Thrawl Street, Angel Alley, Gunthorpe Street. Women turning to prostitution because of poverty, homelessness. All the dangers, all the huge lonelinesses, all the appurtenances of love with none of the affection. Martha Tabram mutilated, stabbed thirty-nine times after the “cheap and quick knee trembler” her friend Pearly Poll reported to the police. All that tumbling of organs onto the ground, all that simple need for cash so that a woman could spend a night sleeping on a mattress out of the wind.
Sadly, Thrawl Street had nothing much to say to Winnie, or nothing of use. It seemed to have been subsumed into a housing estate of red brick and nicely slanting roofs. From doorways bloomed the ghosts of curry past, present, and yet to
come. Midday, the place was largely deserted, and there was no kernel, no starter yeast. The whole district was airy and desolate.
Loneliness collapsed into her. She wandered by Indian take-away and discount footware storefronts, feeling Jack the Ripper dissolving, the mystery of his indecency beyond either her power to call it up or to dismiss it. She gave up, feeling as if in abandoning the lookout for the ghost of Jack the Ripper, she was putting her dim Wendy Pritzke at greater risk. But Winnie knew nothing else to do. She went back to Hampstead.
That night she made herself a strong drink and set herself the mental task of remembering John's friend's name. When she woke up she had it: Britt Chalmers. Listed in the directory, hurrah. Chalmers, Girdlestone Walk, Highgate.
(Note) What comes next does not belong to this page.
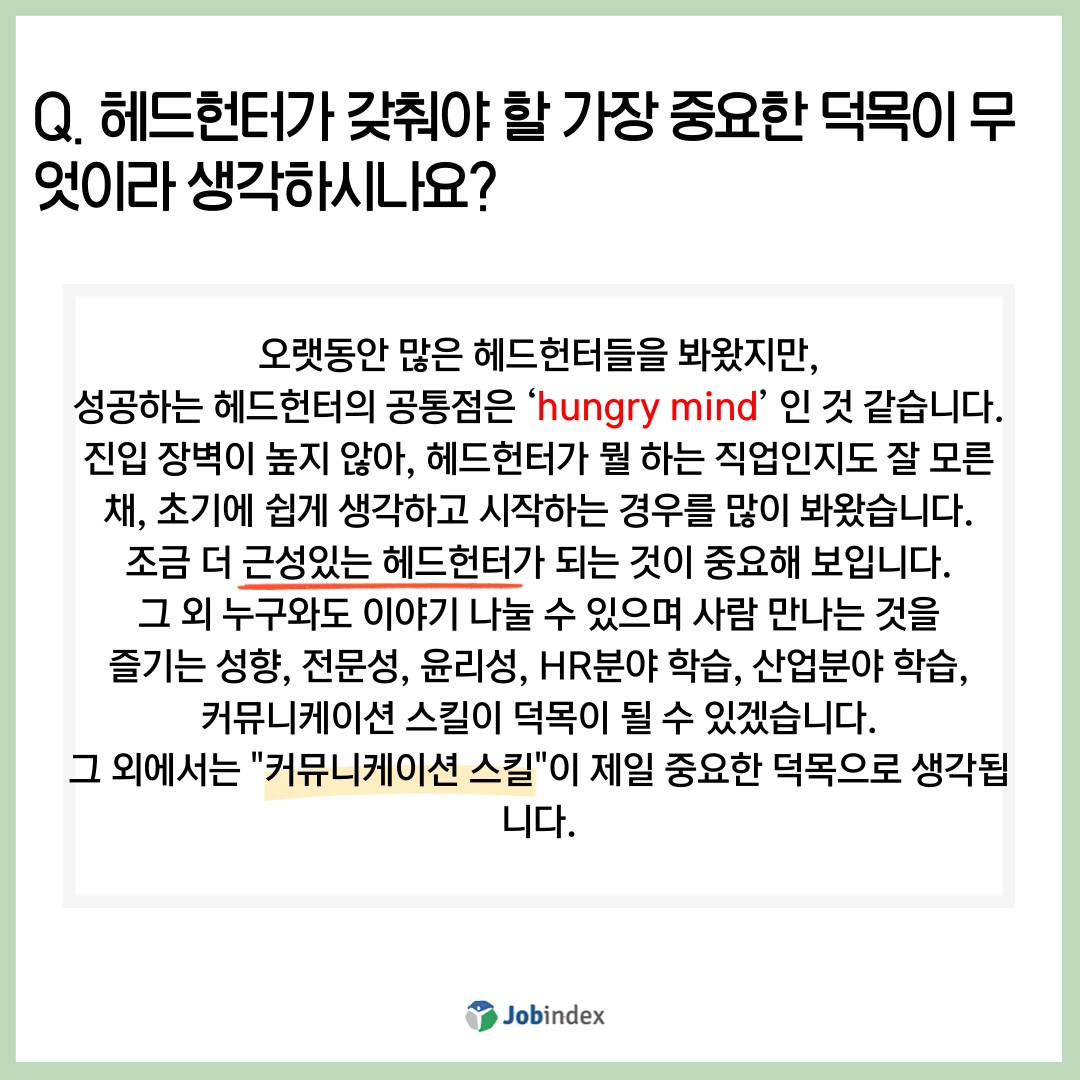 Q. 헤드헌터가 갖춰야 할 가장 중요한 덕목이 무엇이라 생각하시나요?

She waited till a respectful 10A.M . on a Saturday morning and woke him up.
“Oh, so sorry,” she said jollily. “I always assume if people don't want to be awakened by the phone these days they turn the ringer off or pull the connection out. But there you are. While I've got you, Britt, I need to know where John Comestor is.”
“Who is this?” he said groggily.
“It's Winifred Rudge. We ran into each other some days ago at the Café Rouge. John still hasn't shown up and there's all sorts of funny business going on here.”
“Oh,” said Britt. “Yes, I remember. Well, I'll be little help to you, I'm afraid. The man runs his affairs with the secrecy of MI-5. I'm sure he's not half as full of derring-do as he'd like us to believe. He's probably planting a herbaceous border at some hideaway cottage in the Cotswolds. How long are you going to stay?”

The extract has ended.